→ WORK TASK: Keeping every word the same, give again only the lines from the one with "全光照噴霧扦插技術(shù)具有生根期短" through the end of the data, both included, and leave every picture out.

→ DATA EXTRACTS:
***

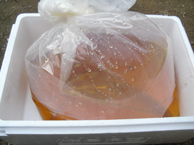 これが19日の3時から採蜜して 翌朝までの自然垂れ蜜です
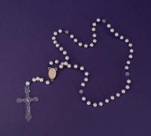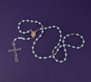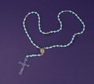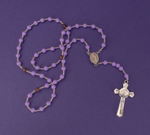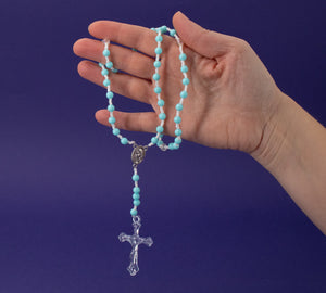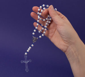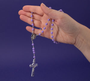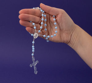 Mit dem Kauf eines Rosenkranzes – oder einer kleinen zusätzlichen Spende – unterstützen Sie direkt und zu 100% diese starke Gemeinschaft und geben den Mädchen und Frauen die Möglichkeit, ihren Weg in ein Leben in Sicherheit und Eigenständigkeit weiterzugehen. Jeder Rosenkranz ist ein handgearbeitetes Unikat. Verfügbare Farben: Violett, Himmelblau, Weiß-Blau, Lachs und Türkis.
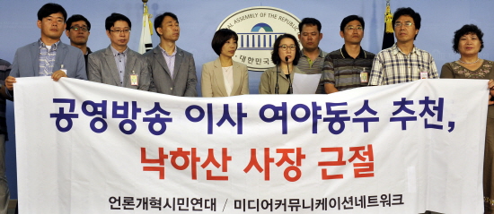 | ▲ 언론개혁시민연대와 미디어커뮤니케이션네트워크 회원들이 6일 오전 서울 여의도 국회 정론관에서 공영방송 이사 여야동수 추천 낙하산 사장 근절 기자회견을 열고 있다. (사진 뉴시스) | ||
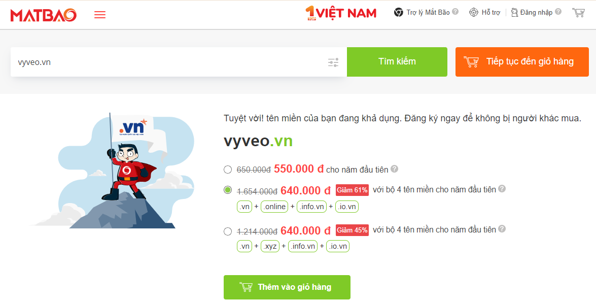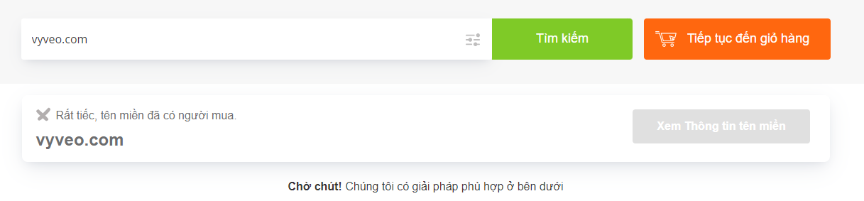Như ví dụ dưới đây, cùng một tên miền nhưng khác đuôi thì sẽ là 2 tên miền khác nhau. Một tên miền đã được mua, bạn không thể đăng ký mua tên miền này nữa.
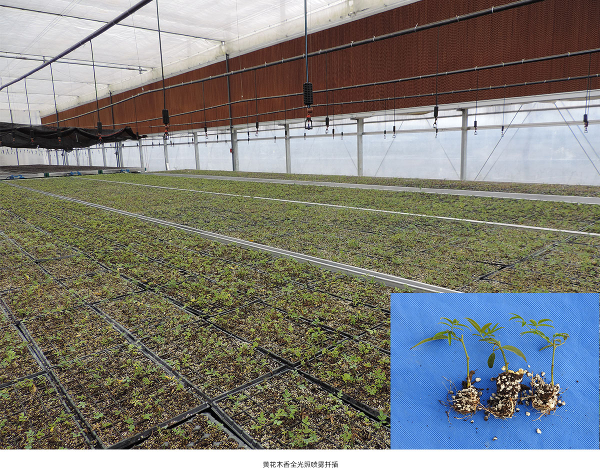 全光照噴霧扦插技術(shù)具有生根期短、成活率高和操作簡單等優(yōu)點(diǎn)。研究院已建立了桂花、冬青、降香黃檀、新優(yōu)宿根植物等數(shù)百種植物的全光照噴霧扦插技術(shù)體系,年度育苗量200多萬。
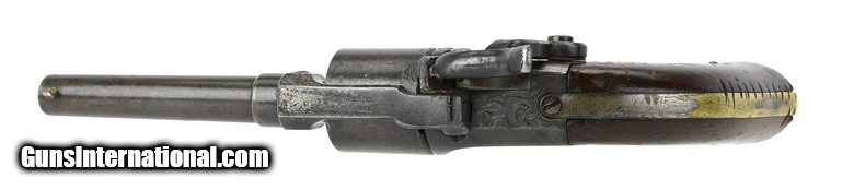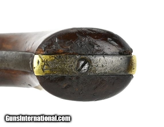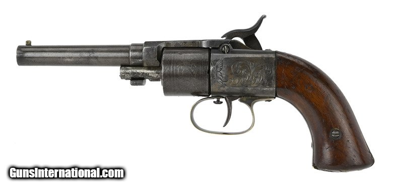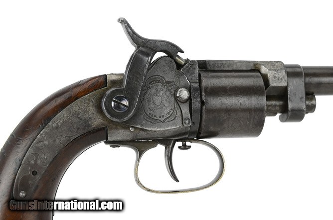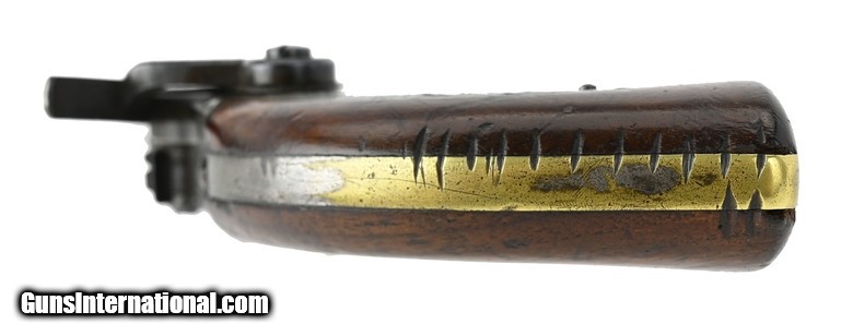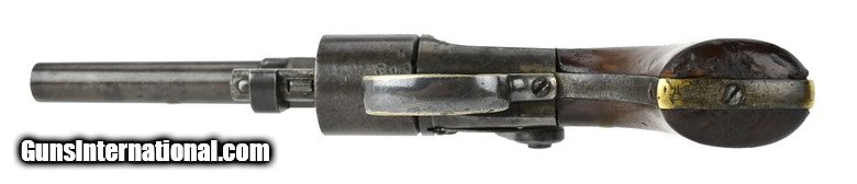Description: Mass. Arms Co. Maynard Tape Primed Pocket Revolver .31 Caliber Unusual example with a 4” barrel, instead of the 3.5” that is believed to be the maximum length. Bore has strong rifling. Frame is engraved. Etched cylinder scene is mostly visible. Side plate has a very clear eagle and Maynard patent markings. Trigger guard has 98% of its original tarnished silver, as does the front grip strap. Grips has no chips or cracks but has dents on the underside of the grip. The backstrap has 13 notches, presumably for 13 kills or bullseyes or broken bottles. Normally we do not like notches on grips but these have a look of credibility. Upon opening the side door for the Maynard metal tape primer we found the normally missing tape primer in place and intact. If you buy this revolver, do not lose the tape primer. They sell for $100 or more and are very scarce. Presently, the tape does not advance when cocking the hammer. The mechanism works and would advance by resetting the tape. We recommend you do not do that as you will likely fire a cap if you let the hammer fall on the cap. Overall a verynice example with some interesting features (4” barrel). Has an even good looking patina overall. SOLD Antique: Yes |

***

→ YOUR RESPONSE:
 全光照噴霧扦插技術(shù)具有生根期短、成活率高和操作簡單等優(yōu)點(diǎn)。研究院已建立了桂花、冬青、降香黃檀、新優(yōu)宿根植物等數(shù)百種植物的全光照噴霧扦插技術(shù)體系,年度育苗量200多萬。
Description: Mass. Arms Co. Maynard Tape Primed Pocket Revolver .31 Caliber Unusual example with a 4” barrel, instead of the 3.5” that is believed to be the maximum length. Bore has strong rifling. Frame is engraved. Etched cylinder scene is mostly visible. Side plate has a very clear eagle and Maynard patent markings. Trigger guard has 98% of its original tarnished silver, as does the front grip strap. Grips has no chips or cracks but has dents on the underside of the grip. The backstrap has 13 notches, presumably for 13 kills or bullseyes or broken bottles. Normally we do not like notches on grips but these have a look of credibility. Upon opening the side door for the Maynard metal tape primer we found the normally missing tape primer in place and intact. If you buy this revolver, do not lose the tape primer. They sell for $100 or more and are very scarce. Presently, the tape does not advance when cocking the hammer. The mechanism works and would advance by resetting the tape. We recommend you do not do that as you will likely fire a cap if you let the hammer fall on the cap. Overall a verynice example with some interesting features (4” barrel). Has an even good looking patina overall. SOLD Antique: Yes |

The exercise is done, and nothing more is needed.